Staff for Republican Floridians U.S. Rep. David Weldon, like Frist a doctor, and U.S. Sen. Mel Martinez, the sponsors of the federal "Terri's law," were among about a dozen regular recipients of the messages.
That bill, signed into law by President Bush, created a "federal remedy under habeas corpus (traditionally used for death penalty cases) for cases like Terri's," read an e-mail sent to the governor by Christa Calamas, Gov. Bush's assistant general counsel.
Also included in the e-mails was Brian Darling, Martinez's assistant who resigned last month over a memorandum he authored citing the Schiavo cause as one that would "excite" the conservative right-to-life base.

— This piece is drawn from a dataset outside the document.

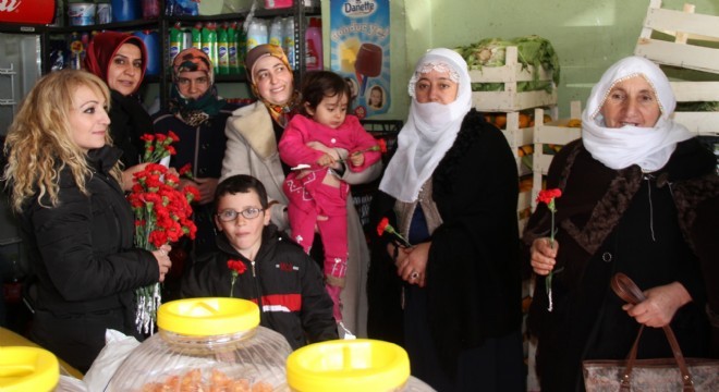 Kent Konseyi Kadın Meclisi Başkanı Nefise Kıyıcı, Başkan Yardımcısı Hülya Gökdemir, Yönetim Kurulu Üyeleri, ERMAÇEVDER Başkanı Murat Girgin ile birlikte Karayazı’da "Kadına Yönelik Şiddete Karşı Uluslararası Mücadele Günü" dolayısıyla ilçe sakinlerine karanfil dağıttı. Hanımlara karanfil takdim eden Kent Konseyi Üyeleri daha sonra 300’ün üzerinde esnafı da ziyaret etti. Kent Konseyi Kadın Meclisi Başkanı Nefise Kıyıcı, ziyaretle ilgili yaptığı değerlendirmede, “Erzurum Büyükşehir Belediye Başkanımız Mehmet Sekmen Beyefendinin talimatıyla Kent Konseyi Kadın Meclisi olarak ilçemizi ziyaret edip Karayazılı hemşerilerimizle buluştuk. ‘Kaybetmek değil gönül kazanmak’ temalı sosyal sorumluluk projemizi hanımlara anlatarak, vatandaşlarımızla hasbi hal etme imkânına kavuştuk. Karayazılı vatandaşlarımızın sevgi seli bizleri ziyadesiyle mutlu etti. Karayazılı hemşerilerimiz Başkanımızın çalışmalarıyla ilçenin daha modern bir görünüme kavuştuğunu dile getirerek, yerleşim yerindeki güzelliklerden ötürü duydukları memnuniyeti, Başkanımıza olan sevgi ve şükranlarını bizlere aktardı. Ziyarette Karayazılı hemşerilerimizin gönüllerini alarak vatandaşlarımızla bir araya geldik” dedi.

The e-mails include a terse response from Rodriguez, sent via her hand-held Blackberry device, upon learning that Pinellas County Circuit Judge George Greer had ruled in favor of the media seeking to view the Department of Children and Families' petition to intervene on Schiavo's behalf.
"DCF is assessing appellate options, and trying to determine whether Judge Greer has already released the petition to the media or has allowed time to appeal. DCF will attempt negotiations with St. Pete Times/Tribune Broadcasting...." read a message to Gov. Bush and Rodriguez from Calamas.
"Forget negotiations. They should appeal on principle," came Rodriguez's reply on March 3. Meanwhile, state lawmakers launched a quest to once again intercede in Schiavo's case.
Sen. Dan Webster, R-Oviedo, tried vainly to persuade his colleagues to support a bill that was drafted by Gov. Bush's office but which the governor's top Schiavo lawyer dismissed as futile. Ken Connor last fall tried unsuccessfully to persuade the Florida Supreme Court to uphold the "Terri's Law," passed by Florida lawmakers in 2003. That law gave Bush the authority to order Schiavo's feeding tube removed, but the court struck it down in October.
"While admirable, I do not believe it will do one thing to provide Terri Schiavo relief," Connor wrote Webster on March 12 regarding the bill Webster pushed this spring.The bill never passed.